Justine Ludwig is a director, curator, and writer. She is the Executive Director of Creative Time. Her research interests include the intersections of aesthetics and architecture, violence, economics, and globalization.

Education 
Ludwig has an MA in Global Arts from Goldsmiths University of London and a BA in Art with a concentration in Art History from Colby College.

Career 
Ludwig currently is the Executive Director at Creative Time. She was responsible for catalyzing the organization's Emerging Artist Open Call program, which invites emerging artists from New York City to work with Creative Time to realize their first exhibition in the public realm. Its first iteration was the critically acclaimed The Privilege of Escape by Risa Puno. At the organization, she has focused on socially engaged artwork, such as Jenny Holzer's 2019 VIGIL, which projected gun violence testimonies onto the buildings of Rockefeller Center.

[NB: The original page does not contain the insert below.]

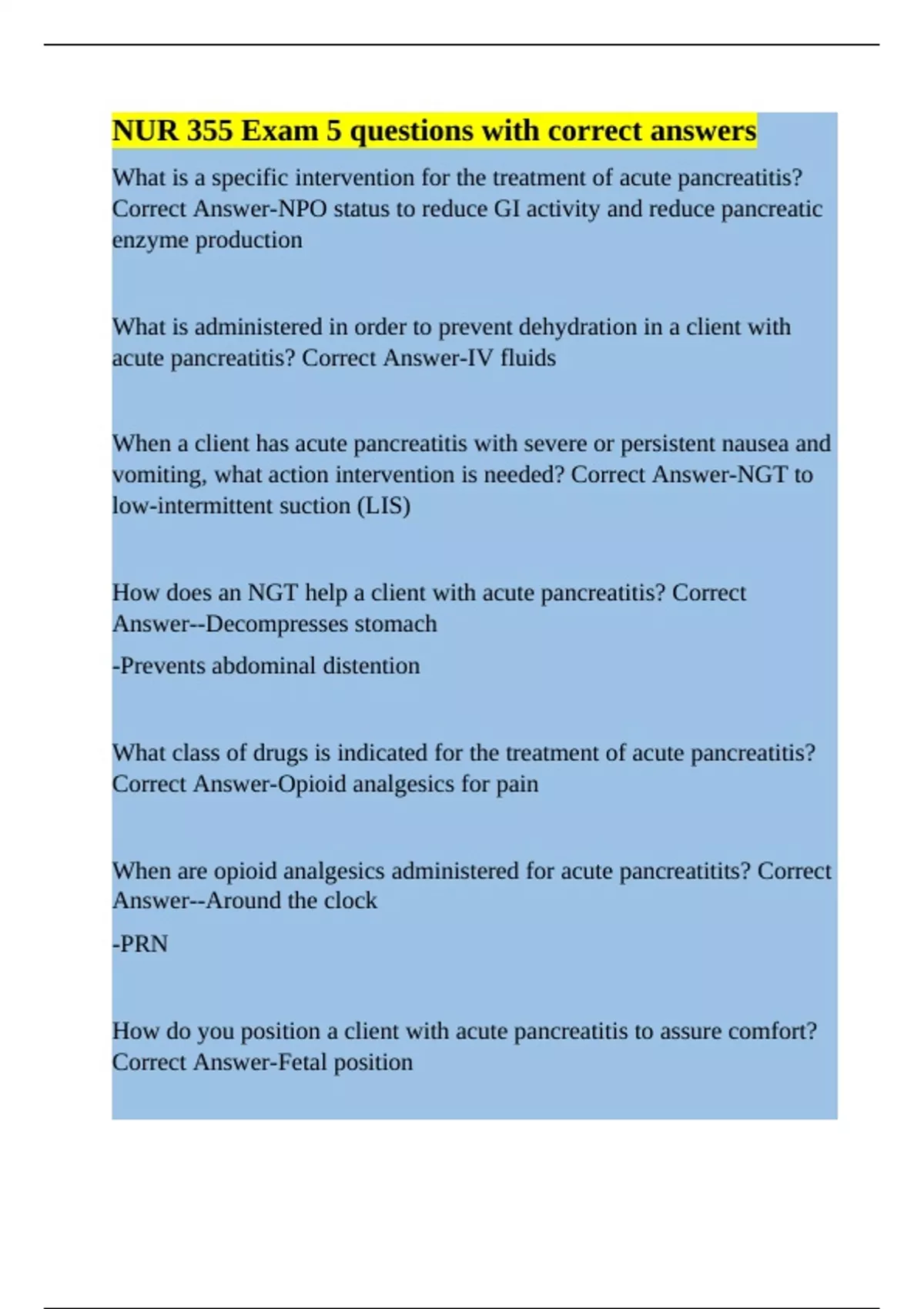 acute pancreatitis? Correct Answer-IV fluids

Ludwig was the Chief Curator and Deputy Director of Dallas Contemporary from 2015 to 2018. In Dallas, she brought an international perspective to her curatorial approach, exhibiting artists such as Bani Abidi and Nadia Kaabi-Linke. Her exhibitions, featuring artists such as Pia Camil and Paola Pivi, earned her critical acclaim in W Magazine. In Dallas, she also placed an emphasis on increasing support for local artists. Ludwig was instrumentall in establishing Dallas as an emergent art capital, describing Dallas as “a city in a state of becoming." She curated Future Worlds, the 2018 iteration of Aurora, an expansive public art event that transformed downtown Dallas into an open-air hub for installation, light, and sound art. The exhibition featured artists dealing with climate change, automation, and political unrest.

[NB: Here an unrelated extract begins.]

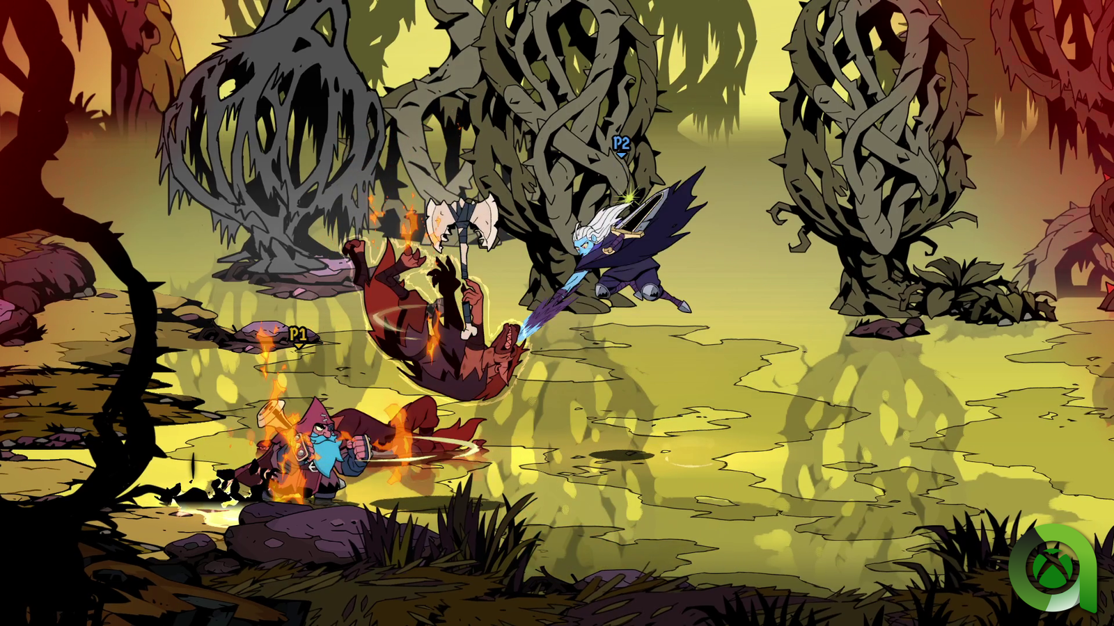 Dejando esto a un lado, a los mandos, Absolum, es realmente satisfactorio. No es algo que deba sorprendernos teniendo en cuenta el resultado que nos mostró la compañía en Streets of Rage, sin embargo, llevábamos mucho sin jugar a un beat ‘em up tan bueno. El juego tiene un sistema de combate bastante simple pero a la vez profundo. Y es que, en sí, sólo contamos con dos botones de ataque, uno para golpes ligeros y otros para ataques pesados. Combinando ambos podremos desarrollar poderosos combos con los que hacer frente a las hordas de Azra.

Previously, Ludwig was assistant and adjunct curator at Contemporary Arts Center in Cincinnati. She has also held posts at the Museum of Fine Arts Boston, the Rose Art Museum at Brandeis University, the Colby College Museum of Art, and the MIT List Visual Arts Center.

Ludwig has curated projects with Shilpa Gupta, Kiki Smith, Pedro Reyes, Laercio Rendondo, Paola Pivi, Ambreen Butt, and Anila Quayyum Agha.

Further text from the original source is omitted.